As the world becomes increasingly interconnected and technology continues to break down barriers, it’s more important than ever to be receptive to regional and national concerns.
Even as globalisation helped foster a long stretch of improving living standards, boosting world GDP to around $75 trillion in 2016, from $50 trillion in 2000, it has also wrought unsettling change and exacerbated some disparities. That’s gone hand-in-hand with a rise in nationalist politics, as disenfranchised voters turned their back on open borders.
While technology has often underpinned those widening differences, it could also bridge some of the gaps, linking the local to the global as the Fourth Industrial Revolution takes hold.
“Past periods of globalisation have been justly criticised for leaving people behind while also being celebrated for generating wealth, spreading technologies and raising living standards,” the World Economic Forum’s Nicholas Davis and Derek O’Halloran said. “But we can, and should, do better in Globalisation 4.0.”
Balancing the benefits of globalisation with the disadvantages, has proven an elusive goal for many policymakers. Politicians, world leaders, businessmen and thought leaders gather in Davos this month to debate these concerns against the backdrop of the WEF Annual Meeting’s theme: Globalisation 4.0: Shaping a Global Architecture in the Age of the Fourth Industrial Revolution.
With every industry, in every country, set for more disruption as digitalisation and artificial intelligence advance, long-held norms and values will need to be rethought. The Forum’s chairman Klaus Schwab has called for a “new global architecture” to safeguard public trust and to help ensure the increasingly globalised world does not become increasingly unequal.
Central to achieving this is Finablr’s view that there is no “one-size-fits-all” solution. The spread of the internet and digital technologies means many people are becoming more global and more local at the same time, boosting the need for a regional focus and responsiveness.
According to Finablr’s chief executive officer, Promoth Manghat, companies and organisations need to make sure they are locally aligned, with people and customers at the centre of all decisions. In this way it’s possible to be responsive, while also being global, but it requires investment of time and energy to really understand what’s going on.

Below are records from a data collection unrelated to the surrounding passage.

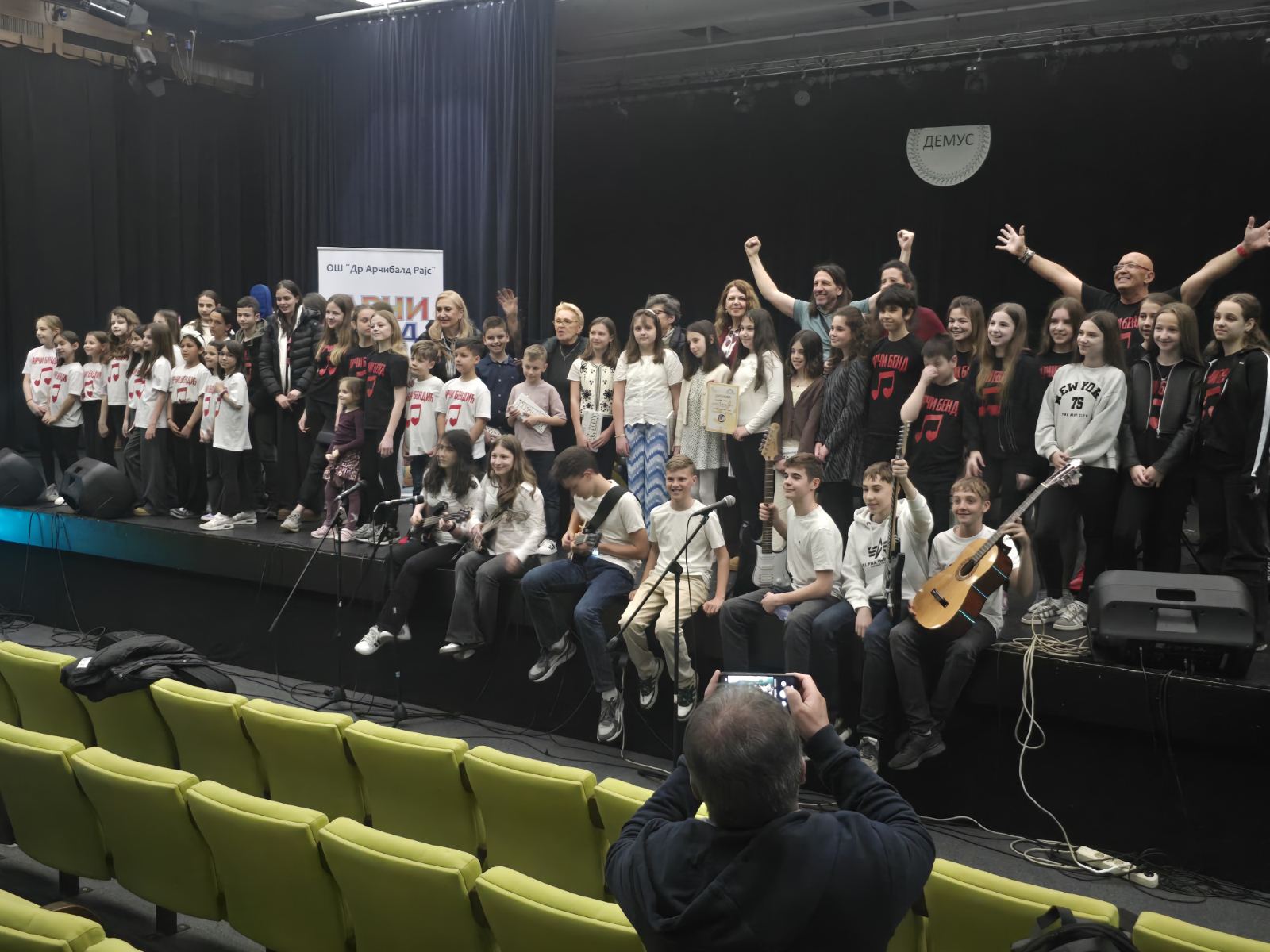 На градском такмичењу малих инструменталних састава и оркестара основних школа Београда – ДЕМУС, одржаном 20. априла 2026. године у Дечјем културном центру, ученици одељења 4/4 остварили су изузетан успех освојивши прву награду.
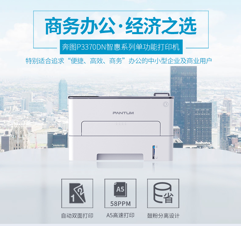 > 奔图(PANTUM) P3370DN黑白激光打印机 自动双面 USB 有线网络打印 家用办公打印机 P3370DN
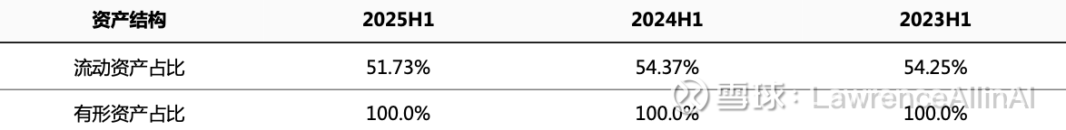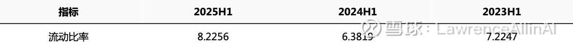 1.短期流动性充裕:各期流动比率均高于6,2025H1达到8.23,远超行业平均水平(通常2左右),流动资产对流动负债覆盖能力极强,短期违约风险极低。
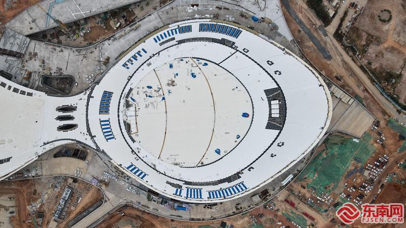 厦门新体育中心凤凰体育馆金属屋面基本完工。(中建二局供图)
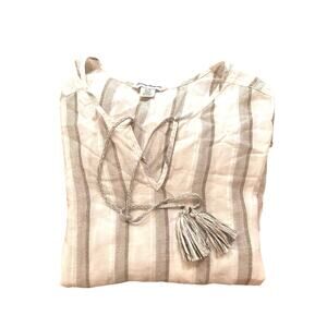 TOMMY BAHAMA Women's Striped Desert Light Peasant Tunic Tassels Metallic Large
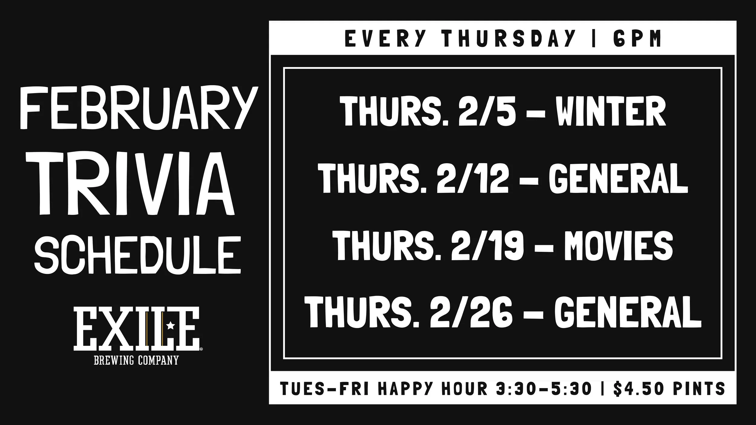 Come test your knowledge with our weekly Trivia, every Thursday at Exile with Trophy Husband Trivia.
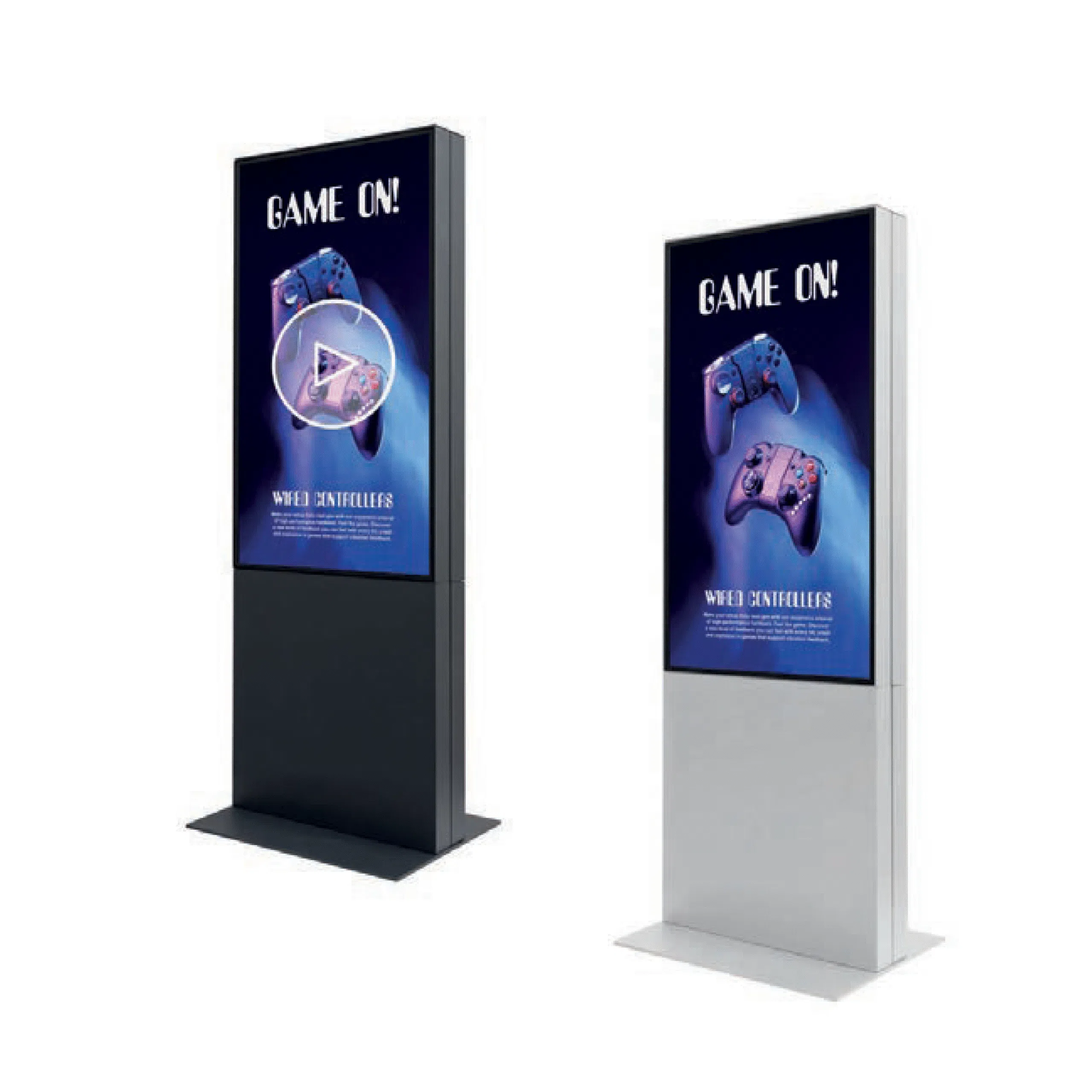 Mainosta viestiäsi useisiin suuntiin Digitaalinen näyttö Totem -ratkaisulla, jossa on näytöt molemmin puolin. Voit halutessasi esittää eri sisällön kummallakin puolella. Erinomainen valinta messuille, lentoasemille ja kauppakeskuksiin.

And it’s not just cultural differences that need to be taken into account. Regional and national disparities also exist in legislation and regulation. Working with different regulators requires a broad expertise that is built over time. As a global entity with operations across 160+ countries, The Finablr network works closely with regulators around the world and across emerging markets.
Technology has a big role to play in helping ensure globalisation is mindful of regional differences, and has already laid the foundations for better responsiveness, connecting people from disparate regions with consumers and businesses.
Insights gleaned by tech can push governments to become more agile, more transparent and better informed, fostering trust and legitimacy and helping stamp out corruption. In India, policymakers hope their move away from cash will help increase the use of digital payments, bolstering trackability and accountability.
Digitalisation can also help empower those who have traditionally been financially excluded, bringing mobile financial services to far-flung destinations and urban centres alike.
Nowhere is this more evident than among migrant populations. As it becomes easier to move for work, and more people do so for economic reasons, it becomes essential to ensure they’re protected. In the UAE, where migrants make up more than 75% of the population, Finablr Network brand, UAE Exchange worked with government entities to introduce the Wages Protection System, an electronic salary transfer system that ensures timely salary to workers.
Designed to streamline salary disbursal and benefit employers and employees, UAE Exchange’s solution Smart Pay now partners with tens of thousands of businesses and enables nearly half a million people to collect their salaries from ATMs or any branch of the UAE Exchange network within two hours of the funds being deposited.
This is just one example of how digital advances can help reshape conventions and improve the empowerment of those at risk of being left behind. It’s easy to see how technology can improve transparency in many other ways.
The future is happening now. As technology brings the world together at an ever-more rapid pace, it’s important to ensure recognise the potential pitfalls, so fewer people are left behind. This represents both a challenge and an opportunity for globalisation, in an ongoing discussion that Finablr is well-placed to contribute to.